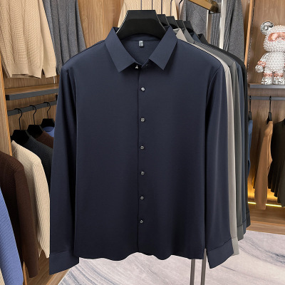 羊毛莫代尔无痕长袖衬衫男秋季新款商务翻领纯色男士衬衣
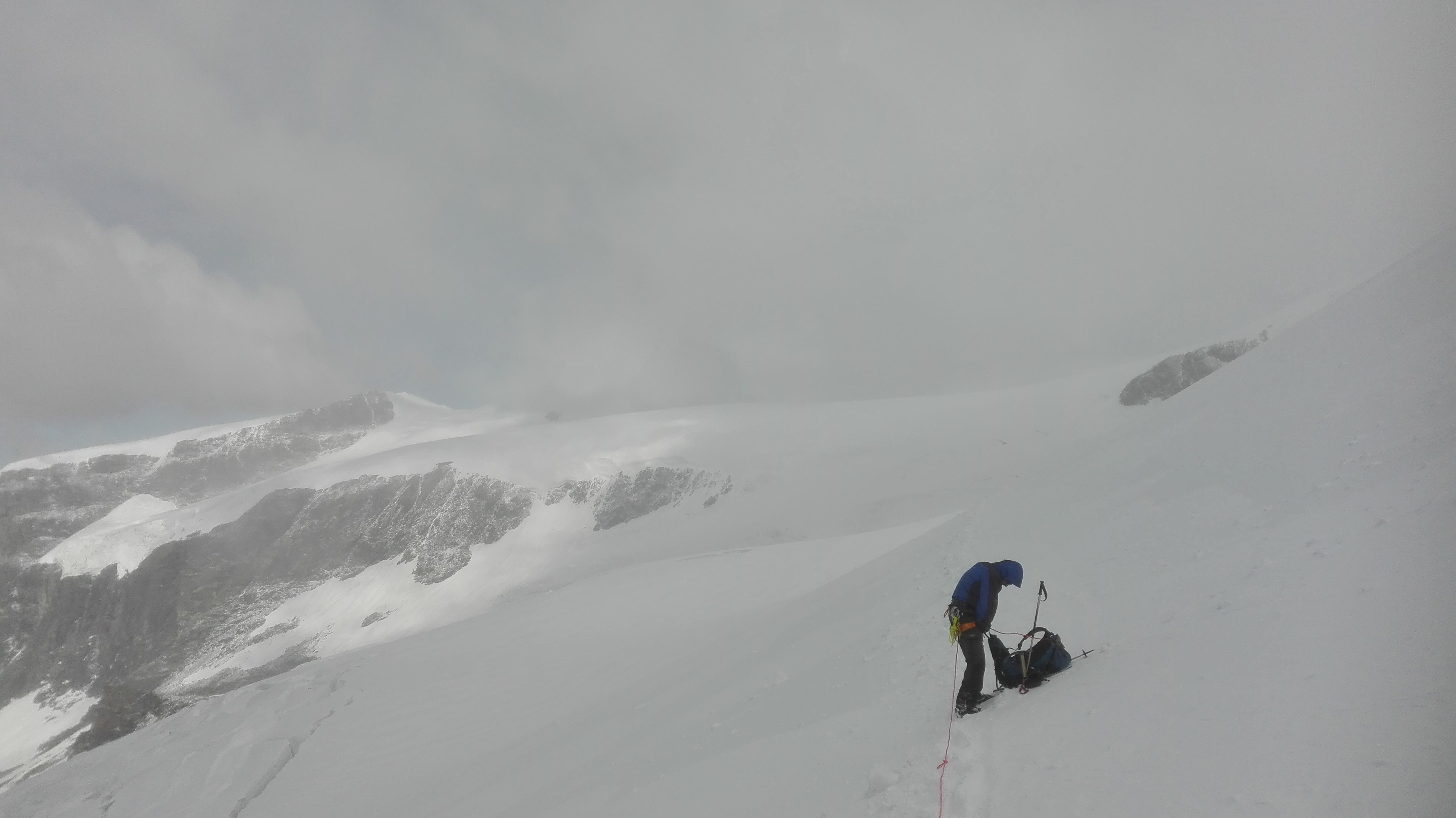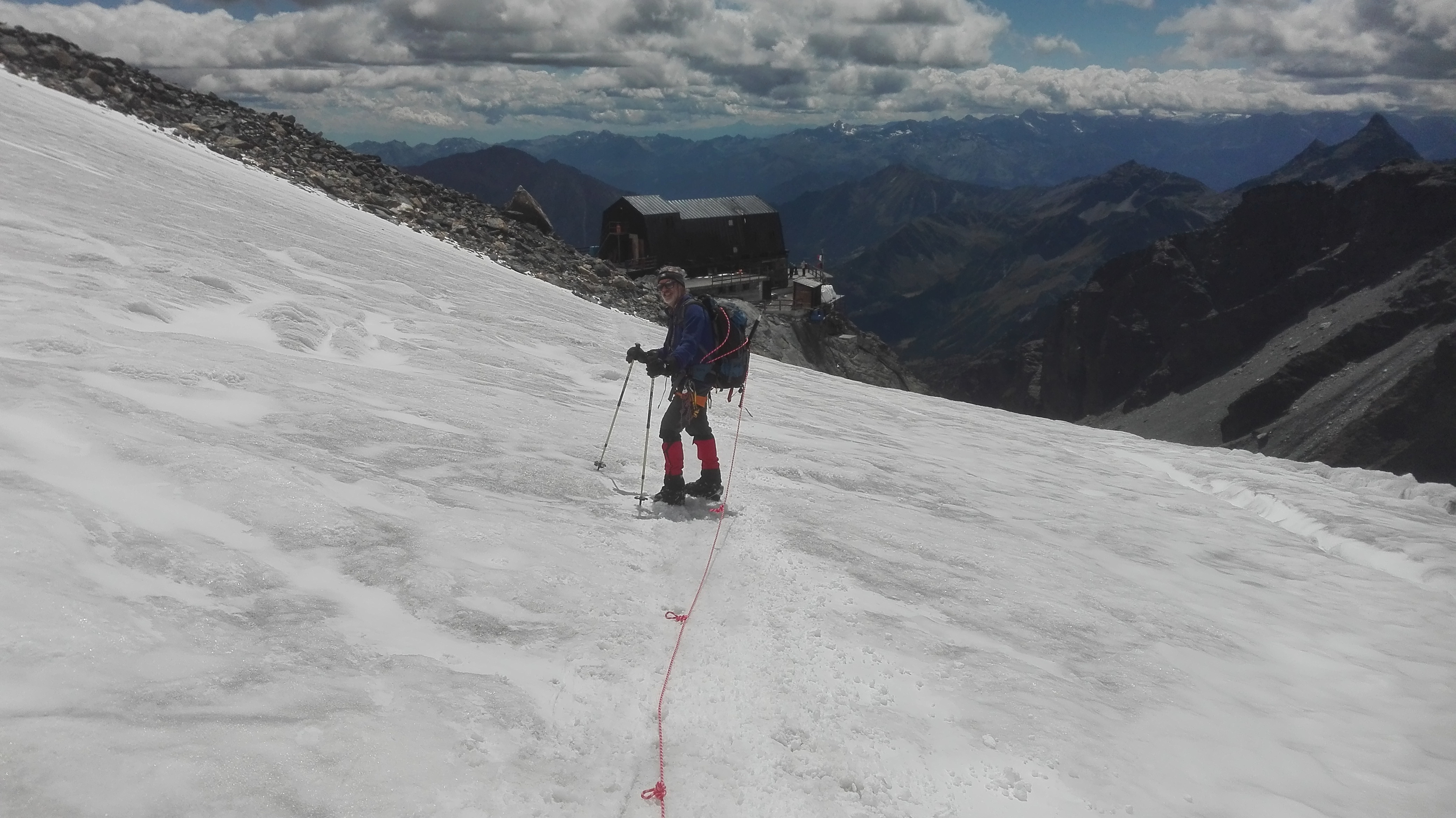 Sonstiges: Der Dienstag war der am wenigsten schlechte Tag von insgesamt vier Tagen, die wir in dem Gebiet waren. Der Aufstieg erfolgte am Sonntag noch bei schönem Wetter von St. Jaques im Val d´Ayas (ca. 1700m) zum Rifugio Guide Val d´Ayas (3400m) in ca. sechs Stunden. Montag früh dann einige cm nasser Neuschnee an der Hütte, dazu Wolken und stürmischer Wind. Da die Hütte Montagabend voll belegt war (dies ist sie an diesem Tag meistens, da am Montag die meisten Begeher der sogen. "Spaghettitour" in Zermatt mit der Seilbahn aufs Kleinmatterhorn starten und dann zu dieser Hütte gehen, so jedenfalls der Hüttenwirt), mussten wir zur Mezzalamahütte absteigen. Diese ist recht klein (30 Plätze), noch echt urig und war mit etwa 20 Personen belegt. Empfehlenswert, wenn man es etwas ruhiger mag! Die Gletscherausrüstung konnten wir auf der Ayashütte deponieren und am Morgen dort abholen (man kommt ja eh vorbei).
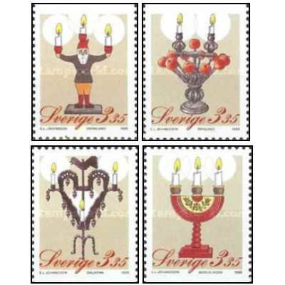 4 عدد تمبر کریسمس - شمعدانها- سوئد 1995
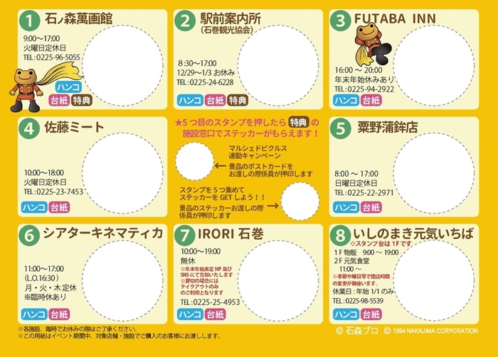 開催期間を通して、石巻市内の8カ所を巡るスタンプラリーを開催。
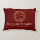 Snyggtens accentkuddar har röd bakgrund, grafiken guld måne och sol och lätt grått & guld typsnitt för att välkomna vänner och gäster på både engelska och italienska.
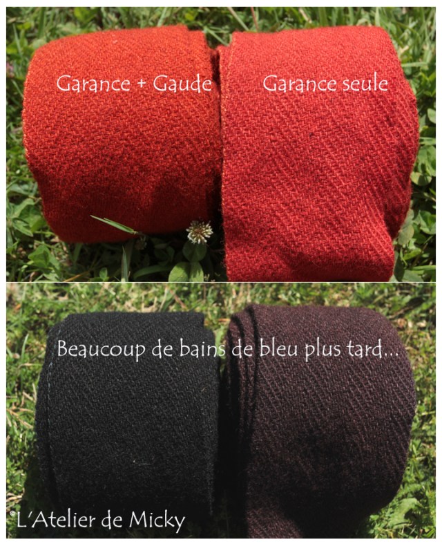 I was wondering how the weld yellow affected final results, so I did some testing on woolen legwraps (less efforts than big pieces of fabric!) With the same amount of blue dips, I reached the « true » black more rapidly than with madder alons, but as you will see in Black with plant dyes, part 2, it is clearly possible.
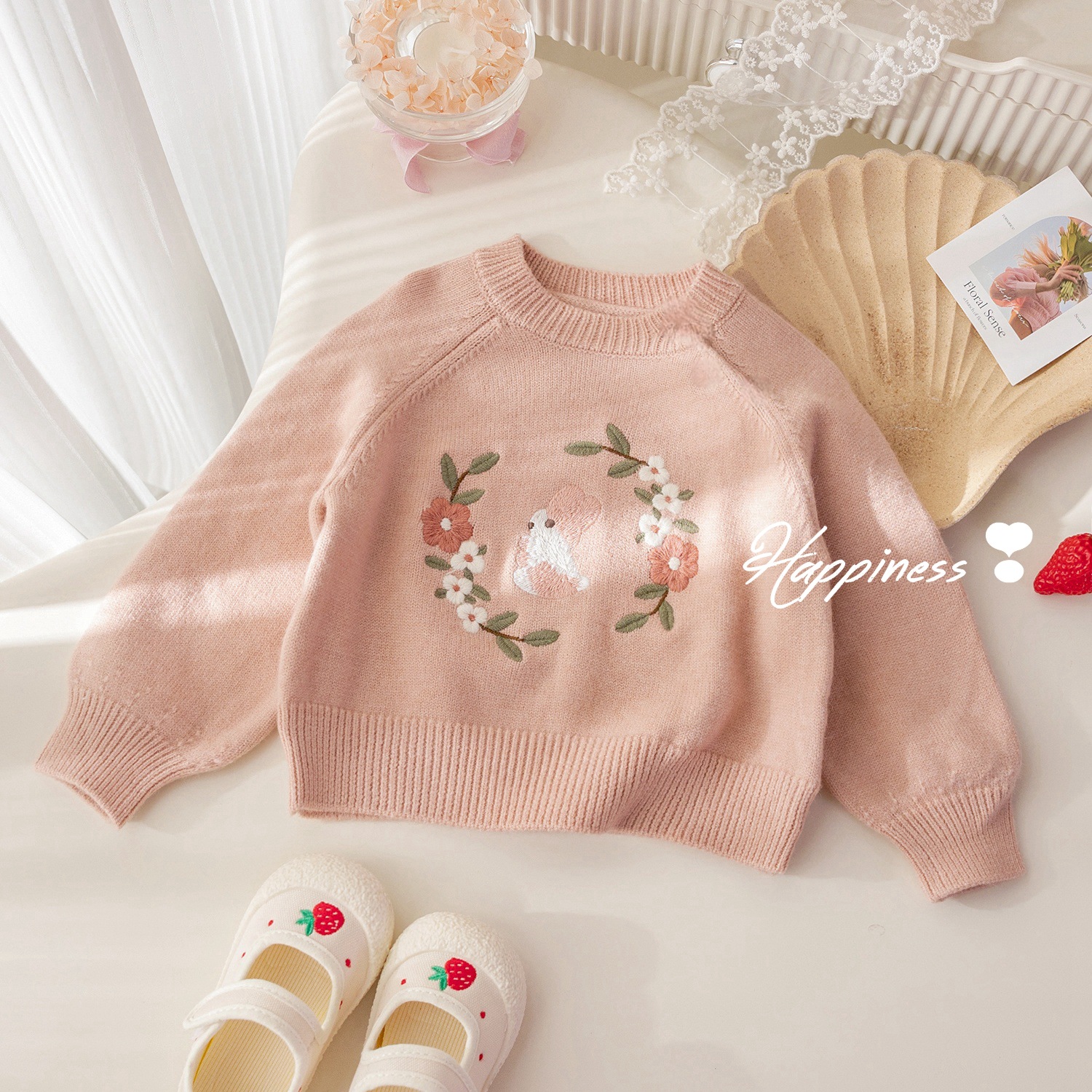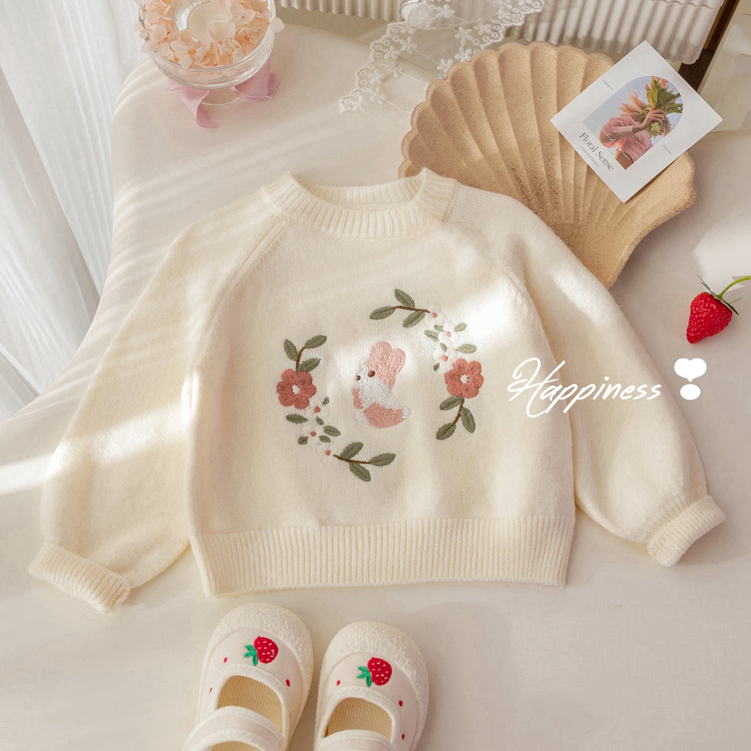 여자 귀여운 토끼 수 놓은 스웨터 봄과 가을 새로운 달콤한 다목적 풀오버 스웨터 아기 소녀 가을 탑스토어 가기
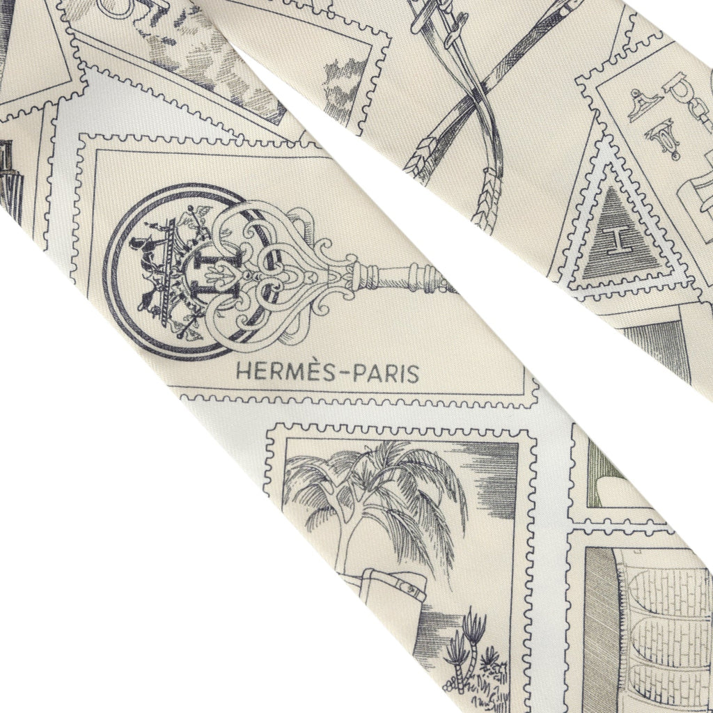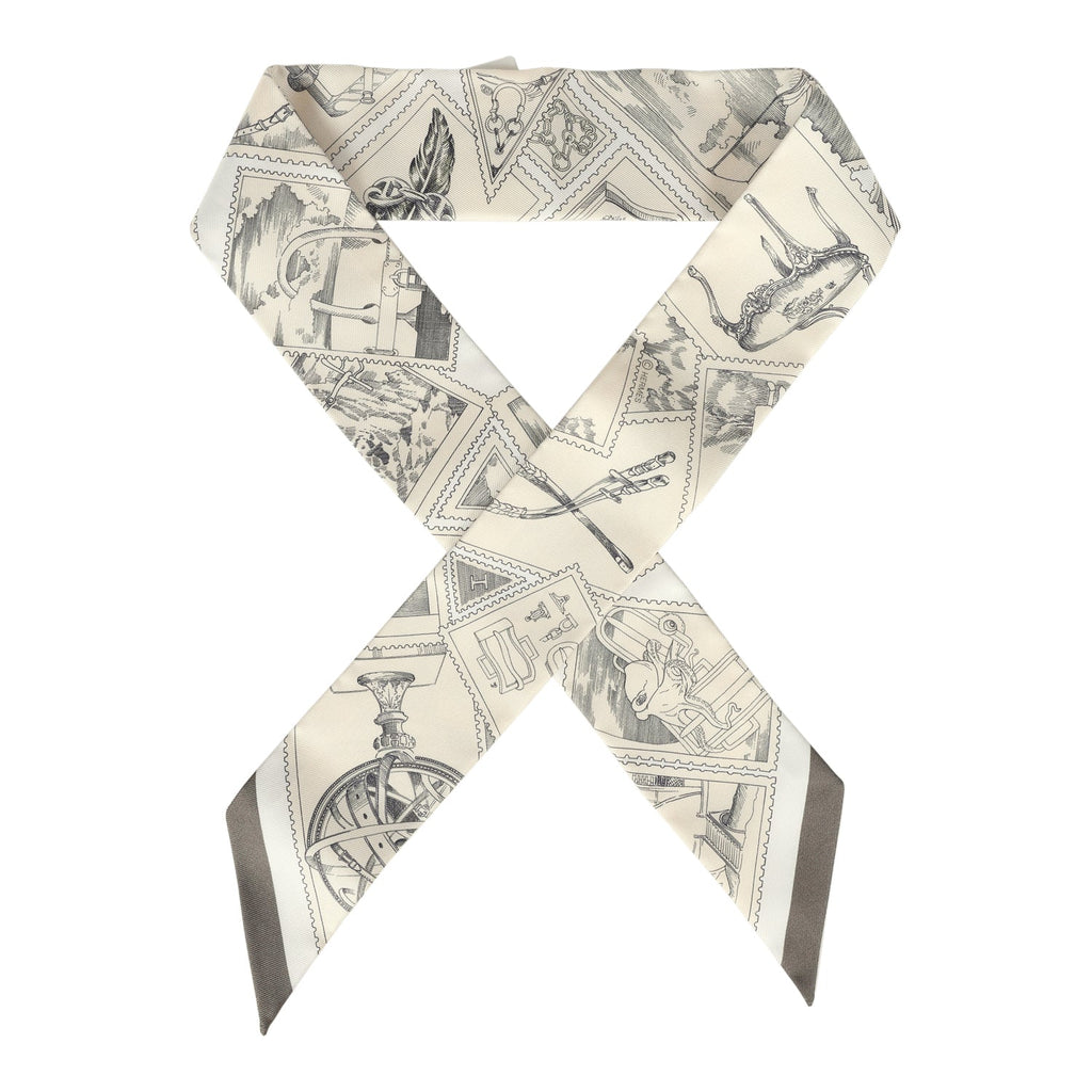 Hermes "Le Philateliste Du Faubourg" Parchemin and Graphite Multi Silk Twilly Pair
---*---
Required action:
Pictures appear in the records above. Output everything except them, exactly.

Answer space:
 羊毛莫代尔无痕长袖衬衫男秋季新款商务翻领纯色男士衬衣
 Sonstiges: Der Dienstag war der am wenigsten schlechte Tag von insgesamt vier Tagen, die wir in dem Gebiet waren. Der Aufstieg erfolgte am Sonntag noch bei schönem Wetter von St. Jaques im Val d´Ayas (ca. 1700m) zum Rifugio Guide Val d´Ayas (3400m) in ca. sechs Stunden. Montag früh dann einige cm nasser Neuschnee an der Hütte, dazu Wolken und stürmischer Wind. Da die Hütte Montagabend voll belegt war (dies ist sie an diesem Tag meistens, da am Montag die meisten Begeher der sogen. "Spaghettitour" in Zermatt mit der Seilbahn aufs Kleinmatterhorn starten und dann zu dieser Hütte gehen, so jedenfalls der Hüttenwirt), mussten wir zur Mezzalamahütte absteigen. Diese ist recht klein (30 Plätze), noch echt urig und war mit etwa 20 Personen belegt. Empfehlenswert, wenn man es etwas ruhiger mag! Die Gletscherausrüstung konnten wir auf der Ayashütte deponieren und am Morgen dort abholen (man kommt ja eh vorbei).
 4 عدد تمبر کریسمس - شمعدانها- سوئد 1995
 開催期間を通して、石巻市内の8カ所を巡るスタンプラリーを開催。
 Snyggtens accentkuddar har röd bakgrund, grafiken guld måne och sol och lätt grått & guld typsnitt för att välkomna vänner och gäster på både engelska och italienska.
 I was wondering how the weld yellow affected final results, so I did some testing on woolen legwraps (less efforts than big pieces of fabric!) With the same amount of blue dips, I reached the « true » black more rapidly than with madder alons, but as you will see in Black with plant dyes, part 2, it is clearly possible.
 여자 귀여운 토끼 수 놓은 스웨터 봄과 가을 새로운 달콤한 다목적 풀오버 스웨터 아기 소녀 가을 탑스토어 가기
 Hermes "Le Philateliste Du Faubourg" Parchemin and Graphite Multi Silk Twilly Pair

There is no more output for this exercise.